4.6.2. Influenza A Virus Subtype H1N1

Total RNA from influenza A virus (H1N1) was extracted and measured with a NanoDrop spectrophotometer. Reverse-transcription (RT) and quantitative PCR (qPCR) were performed using a SensiFAST cDNA Synthesis kit (Bioline, Memphis, TN, USA) for viral HA and M2 genes. Actin was used as a reference gene for normalization. Relative quantitative evaluation was performed by the comparative ΔΔCt method.

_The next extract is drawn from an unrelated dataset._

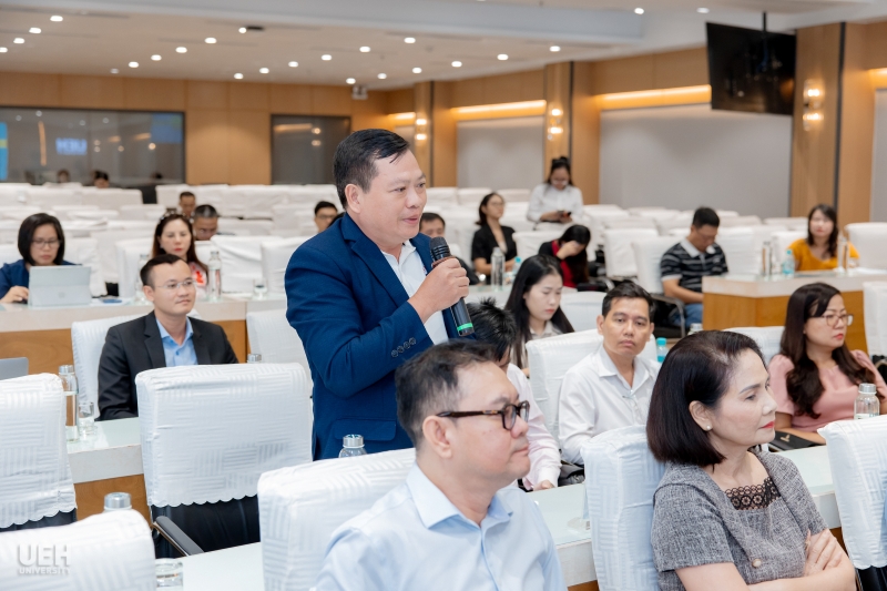 Đại diện cộng đồng doanh nghiệp, ông Nguyễn Anh Đức - Phó Giám đốc Sở Công Thương TP. Hồ Chí Minh, Nguyên Tổng Giám đốc Saigon Co.op đã chia sẻ về nhu cầu thực tiễn và tác động kỳ vọng của UEH CEO Program đối với đội ngũ lãnh đạo doanh nghiệp trong bối cảnh hội nhập kinh tế toàn cầu. “UEH CEO Program là chương trình mang tính tiên phong của UEH trong việc đồng hành cùng TP.HCM và cả nước phát triển đội ngũ lãnh đạo doanh nghiệp chất lượng cao. Hiện nay, Việt Nam có gần 1 triệu doanh nghiệp, trong đó hơn 30% hoạt động tại TP.HCM. Vì vậy, mục tiêu UEH đào tạo 3.000 CEO là một đóng góp rất quan trọng trong tổng thể chương trình quốc gia phát triển 10.000 Giám đốc điều hành theo Nghị quyết 68-NQ/TW (2025) của Bộ Chính trị.” - ông Đức chia sẻ.

4.6.3. TTV DNA Detection and Quantification

TTV load was assessed in PMNLs where it was reported that the viral load is highest [67]. Viral DNA was extracted from blood PMNLs using the Wizard^®Genomic DNA Purification Kit (Promega Italia S.R.L., Milan, Italy), as specified by the manufacturer. Presence and load of TTV DNA were determined in a single stepTaqMan PCR assay as described elsewhere [68]. This assay uses primers designed on a highly conserved segment of the untranslated region of the viral genome and therefore has the capacity to detect all the species in which TTV is actually classified. TTV loads were expressed as the number of viral DNA copies per μg of genomic DNA extracted by PMNLs. The lower limit of detection was 10 copies of TTVDNA per μg genomic DNA. The procedures used to quantify the copy numbers and assess specificity, sensitivity, intra- and inter-assay precision, and reproducibility have been previously described [68]. In a limited group of patients, viral DNA was also extracted from 200 μL plasma samples using a QIAamp DNA minikit^® (Qiagen, Chatsworth, CA, USA) and amplified as described above. The lower limit of sensitivity was 10 TTV genomes per ml of plasma.

4.7. Statistical Methods

Descriptive statistics of epidemiological, clinical, and biological data were represented as frequencies with percentage, mean with standard deviation for categorical and continuous variables, respectively. Group differences in demographic, clinical, and laboratory data were assessed using the Student’s t-test or the Mann–Whitney U-test, depending upon the distribution of variables. A statistically significant value was considered as p ≤ 0.05. All statistical analyses were done using the statistical software STATA 10 and SPSS (version 26.0). Survival curves were generated using GraphPad Prism 10.1.2 (GraphPad Software, Inc., San Diego, CA, USA).

5. Conclusions

The complexity and heterogeneity of COPD pathogenesis is confirmed by the results of the present study. In addition, this study showed a clear interaction between events which are relevant to the oxidative pathway and cigarette smoking. A category of particular interest is represented by former smokers, who in many cases experience higher damages than current smokers since subjects with more health problems are those most likely forced to quit smoking. Thus, in a similar study [69] former smokers also showed significantly greater airway obstruction than current smokers. Serim IgE concentrations were higher among smokers, but eosinophils were not significantly different between smokers and former smokers. It is possible that after smoking cessation, an inflammatory state of some type continues to degrade pulmonary function, whether cessation was due to greater health-related issues. Moreover, it is possible that after humans stop smoking, some particulate clearance may occur; the known smoking-induced suppression of macrophage M1 phenotype activation may also be relieved and permit the return to proinflammatory M1 activation, thus promoting continued or increased inflammatory and oxidative damage to the lungs among former smokers and accelerating fibrotic damage as observed in mice exposed to MnO₂ or silica [70].

Our findings raise also the attention to other parameters which are significantly affected by smoking and can be useful to monitor in COPD patients starting a program of pulmonary rehabilitation, i.e., DNA damage, parameters of inflammation, and selected viral infections.